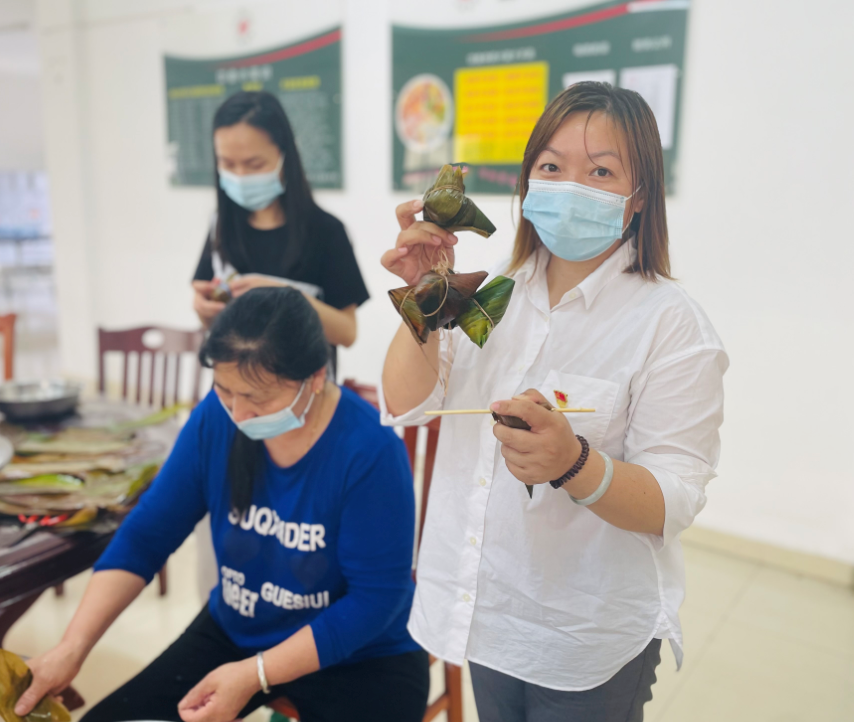 活動現(xiàn)場,清新粽香陣陣撲鼻,食堂大姐為我們提前準(zhǔn)備了花生米、紅豆、臘肉、棕葉等食材。大家圍在桌子前包著粽子,從折粽葉、裝糯米、到放餡料、裹扎繩,大家一邊聊著家常、一邊互相學(xué)習(xí)包粽子技巧、歡聲笑語、忙的不亦樂乎,不一會兒,一個個形態(tài)各異、飽含祝福的粽子就裝滿了臉盆,大家分享著各自的成功和喜悅。
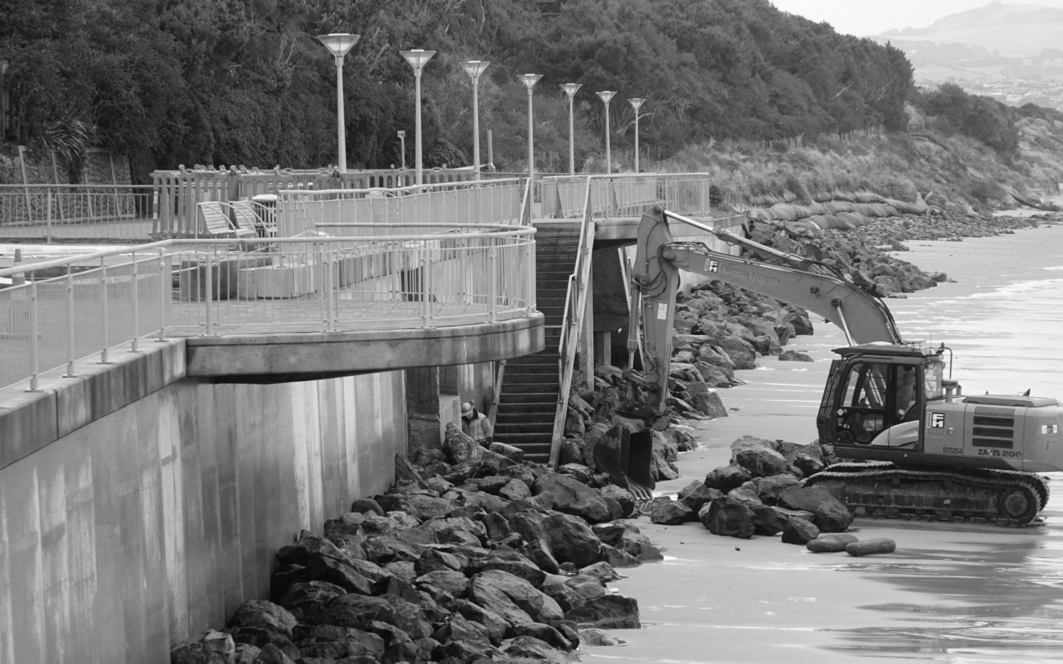 A digger works on a sinkhole at Saint Claire's beach, Dunedin.
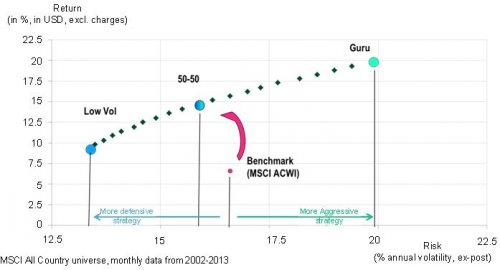 Here is a simple and practical example of how to apply this philosophy based on existing and completely transparent smart beta “low volatility” and “guru” strategies applied to a global universe of developed and emerging country equities.
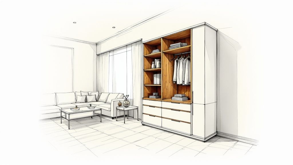 Jeg forestiller mig, vi sidder sammen. Du fortæller om dine drømme og de praktiske behov, dit nye skab skal dække. Her begynder rejsen. Med en samtale og de første streger på papiret. Det er her, vi sammen former grundlaget for et møbel, der passer præcist til dit liv.
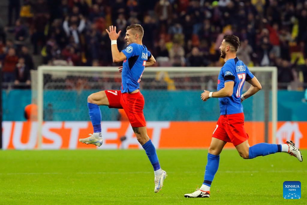 FCSB's Florin Tanase (L) celebrates scoring during a UEFA Europa League match between FCSB and Midtjylland in Bucharest, Romania, Nov. 7, 2024. (Photo by Cristian Cristel/Xinhua)
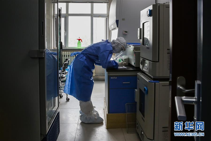 7月3日,中日友好醫(yī)院檢驗(yàn)科新冠核酸檢測(cè)實(shí)驗(yàn)室的檢驗(yàn)人員張?chǎng)稳〕鼋?jīng)過(guò)滅活的樣本。新華社記者張玉薇攝
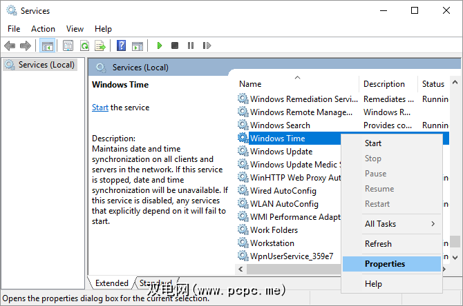 要确保Windows同步时间,请按 Windows键+ R ,输入服务。 msc进入``运行''菜单,然后按 Enter 。在“服务"窗口中,在“名称"列中找到 Windows时间,右键单击它,然后选择属性。
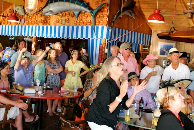 The betting was heavy, the horses were fast, but Best in Show on Useppa went to the outstanding screamers Pason G. and Shane S.  It was close as the photographs show, but it was Pason at the end who yelled the loudest when American Pharoah crossed the Derby Finish Line.  The Tarpon Bar was full, almost as many hats as partiers.  Cheers determined Useppa's Derby Hat Winner.  Diana S., last year's winner was disqualified from the finals because of her previous victory.  That left three finalists strutting in front of the applauding crowd, but ultimately, the victory went to Mary M.  In terms of a party....another Derby win for Useppa.
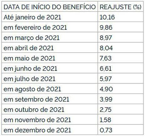 As quantias pagas aos segurados da Previdência que ganham acima de um salário mínimo foram reajustadas em 10,16%, com exceção de quem começou a receber seu benefício a partir de fevereiro de 2021. Para esses, aplica-se um fator de reajuste que leva em conta a data de início da aposentadoria ou pensão (ver tabela abaixo).
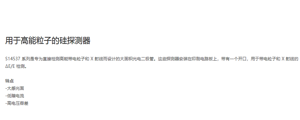 HAMAMATSU滨松 硅光电二极管 S14537-320 详细参数 受光面 28 × 28 mm 芯片厚度 320 ± 15 μm 非感光层厚度(正面) 1.5 μm 非感光层厚度(背面) 20 μm 满耗电压最大值 100 V 暗电流最大值 50 nA 截止频率 8 MHz 结电容 300 pF 0755 84689265 手机/微信:18320955412 QQ:2423332841 邮箱:2423332841@qq.com
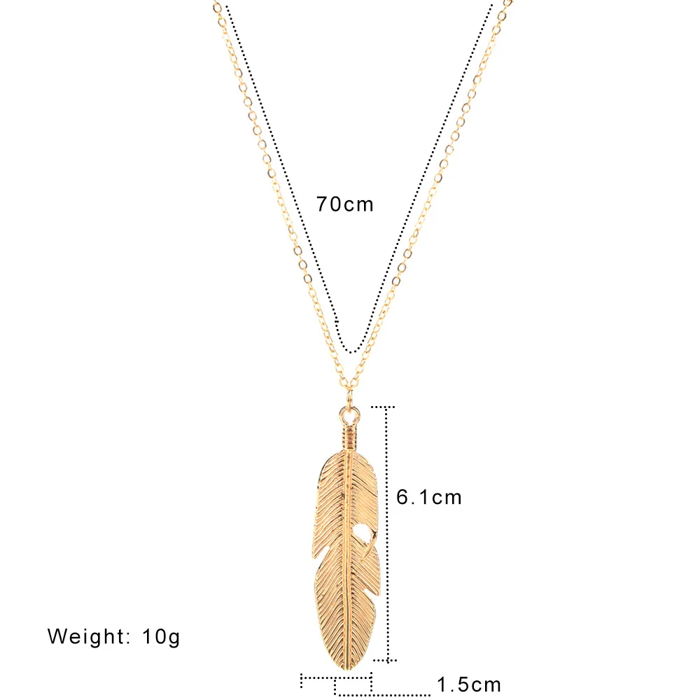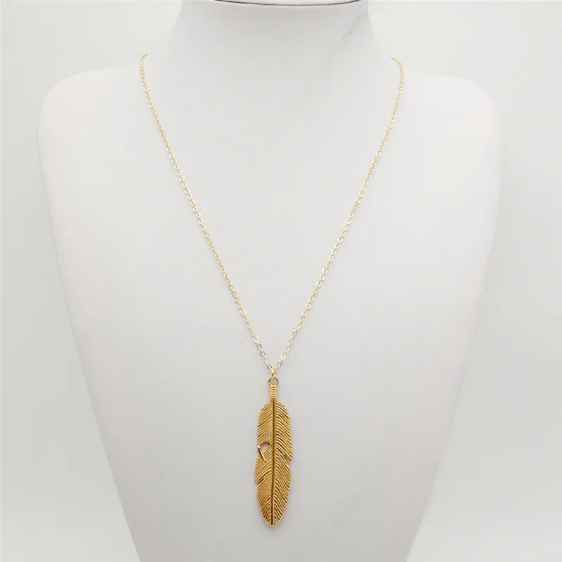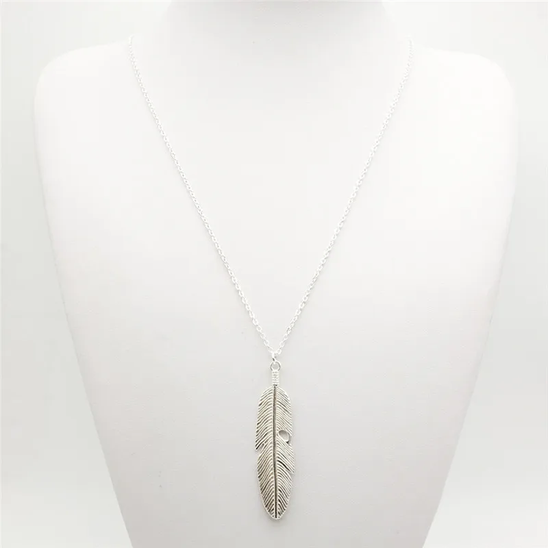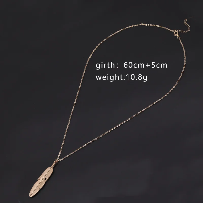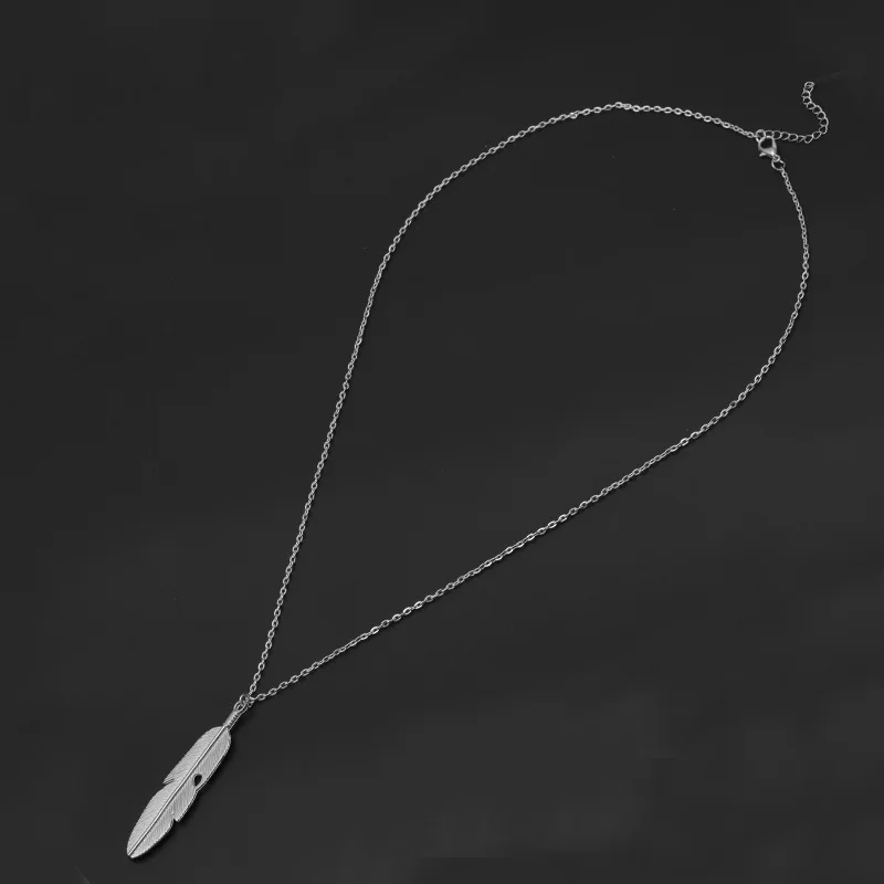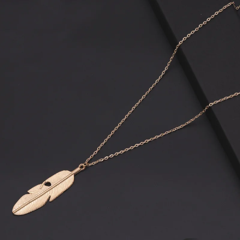 Простое винтажное ожерелье с подвеской в виде пера, длинная цепочка...

• Required work
Nothing but the lines from the first line of the data above through the line holding "7月3日,中日友好醫(yī)" may appear in the response, copied exactly and without pictures.

• Written response
 活動現(xiàn)場,清新粽香陣陣撲鼻,食堂大姐為我們提前準(zhǔn)備了花生米、紅豆、臘肉、棕葉等食材。大家圍在桌子前包著粽子,從折粽葉、裝糯米、到放餡料、裹扎繩,大家一邊聊著家常、一邊互相學(xué)習(xí)包粽子技巧、歡聲笑語、忙的不亦樂乎,不一會兒,一個個形態(tài)各異、飽含祝福的粽子就裝滿了臉盆,大家分享著各自的成功和喜悅。
 A digger works on a sinkhole at Saint Claire's beach, Dunedin.
 Here is a simple and practical example of how to apply this philosophy based on existing and completely transparent smart beta “low volatility” and “guru” strategies applied to a global universe of developed and emerging country equities.
 Jeg forestiller mig, vi sidder sammen. Du fortæller om dine drømme og de praktiske behov, dit nye skab skal dække. Her begynder rejsen. Med en samtale og de første streger på papiret. Det er her, vi sammen former grundlaget for et møbel, der passer præcist til dit liv.
 FCSB's Florin Tanase (L) celebrates scoring during a UEFA Europa League match between FCSB and Midtjylland in Bucharest, Romania, Nov. 7, 2024. (Photo by Cristian Cristel/Xinhua)
 7月3日,中日友好醫(yī)院檢驗(yàn)科新冠核酸檢測(cè)實(shí)驗(yàn)室的檢驗(yàn)人員張?chǎng)稳〕鼋?jīng)過(guò)滅活的樣本。新華社記者張玉薇攝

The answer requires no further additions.